Although the records contain pictures, print none of them; print exactly the lines from the one with "Cuerpo roscado para evitar deslizamiento" through the last line.

»»

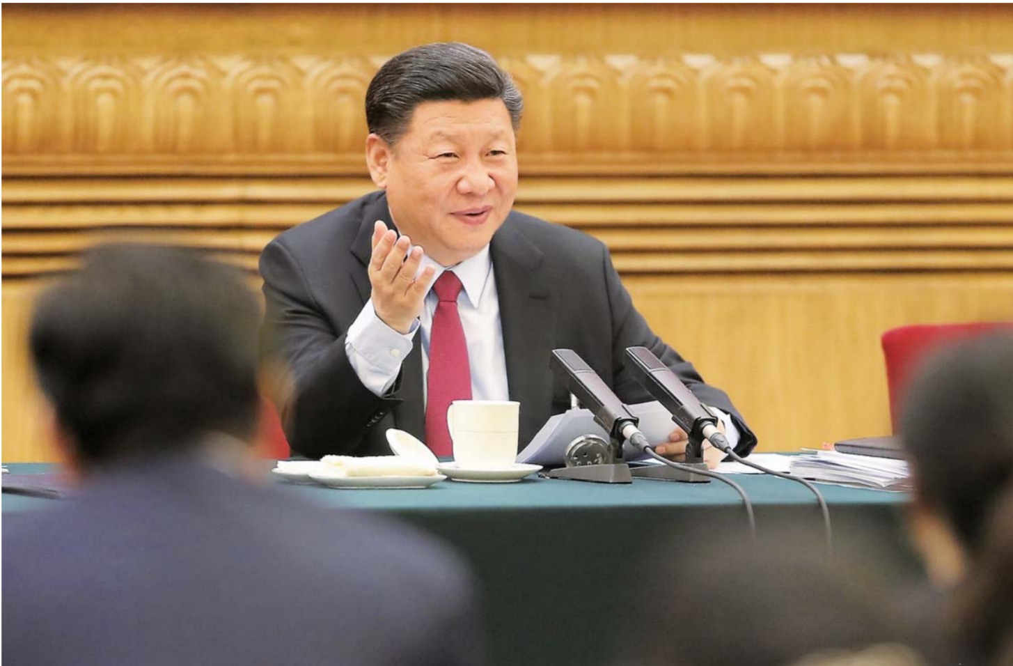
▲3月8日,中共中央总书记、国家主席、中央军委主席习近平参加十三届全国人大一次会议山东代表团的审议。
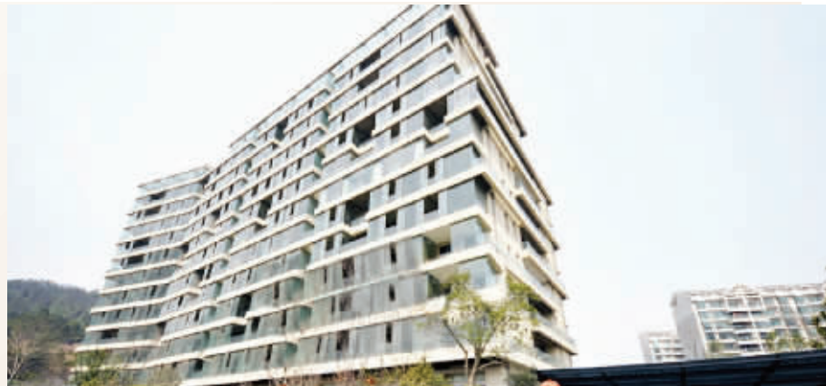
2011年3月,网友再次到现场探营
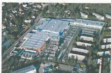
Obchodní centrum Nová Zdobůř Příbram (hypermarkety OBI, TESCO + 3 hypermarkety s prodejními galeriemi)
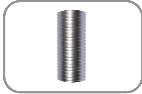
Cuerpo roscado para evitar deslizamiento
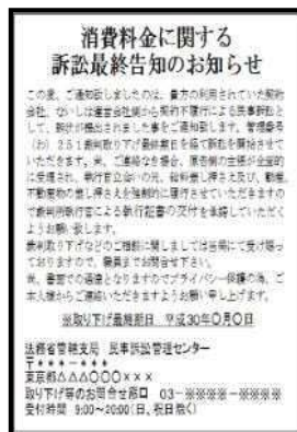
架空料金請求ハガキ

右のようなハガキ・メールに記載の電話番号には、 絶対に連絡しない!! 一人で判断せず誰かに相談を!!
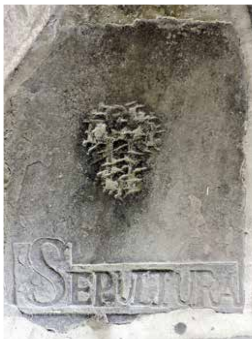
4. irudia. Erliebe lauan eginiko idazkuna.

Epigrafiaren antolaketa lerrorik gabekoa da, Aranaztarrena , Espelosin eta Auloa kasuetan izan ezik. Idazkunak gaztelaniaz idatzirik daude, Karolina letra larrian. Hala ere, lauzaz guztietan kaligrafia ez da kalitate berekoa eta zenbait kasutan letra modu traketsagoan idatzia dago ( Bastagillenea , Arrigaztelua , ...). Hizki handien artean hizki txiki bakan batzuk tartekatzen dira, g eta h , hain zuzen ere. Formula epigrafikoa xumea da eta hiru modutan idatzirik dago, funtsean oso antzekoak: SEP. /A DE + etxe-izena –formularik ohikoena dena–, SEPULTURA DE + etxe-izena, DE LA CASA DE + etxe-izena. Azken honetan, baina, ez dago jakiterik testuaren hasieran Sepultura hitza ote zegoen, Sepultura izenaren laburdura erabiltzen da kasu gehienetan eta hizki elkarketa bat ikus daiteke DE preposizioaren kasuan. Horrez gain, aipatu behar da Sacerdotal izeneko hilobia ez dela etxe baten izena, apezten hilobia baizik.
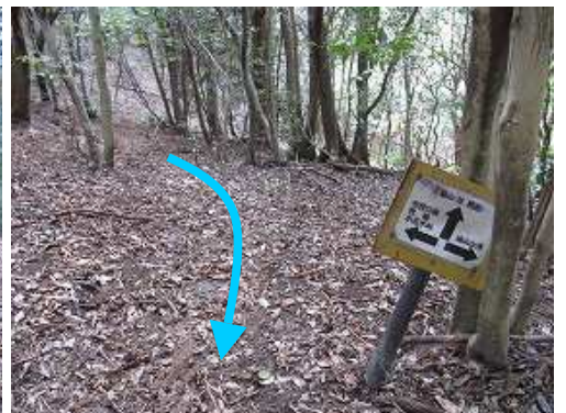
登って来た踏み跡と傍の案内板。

««

Response below:
Cuerpo roscado para evitar deslizamiento
架空料金請求ハガキ

右のようなハガキ・メールに記載の電話番号には、 絶対に連絡しない!! 一人で判断せず誰かに相談を!!
4. irudia. Erliebe lauan eginiko idazkuna.

Epigrafiaren antolaketa lerrorik gabekoa da, Aranaztarrena , Espelosin eta Auloa kasuetan izan ezik. Idazkunak gaztelaniaz idatzirik daude, Karolina letra larrian. Hala ere, lauzaz guztietan kaligrafia ez da kalitate berekoa eta zenbait kasutan letra modu traketsagoan idatzia dago ( Bastagillenea , Arrigaztelua , ...). Hizki handien artean hizki txiki bakan batzuk tartekatzen dira, g eta h , hain zuzen ere. Formula epigrafikoa xumea da eta hiru modutan idatzirik dago, funtsean oso antzekoak: SEP. /A DE + etxe-izena –formularik ohikoena dena–, SEPULTURA DE + etxe-izena, DE LA CASA DE + etxe-izena. Azken honetan, baina, ez dago jakiterik testuaren hasieran Sepultura hitza ote zegoen, Sepultura izenaren laburdura erabiltzen da kasu gehienetan eta hizki elkarketa bat ikus daiteke DE preposizioaren kasuan. Horrez gain, aipatu behar da Sacerdotal izeneko hilobia ez dela etxe baten izena, apezten hilobia baizik.
登って来た踏み跡と傍の案内板。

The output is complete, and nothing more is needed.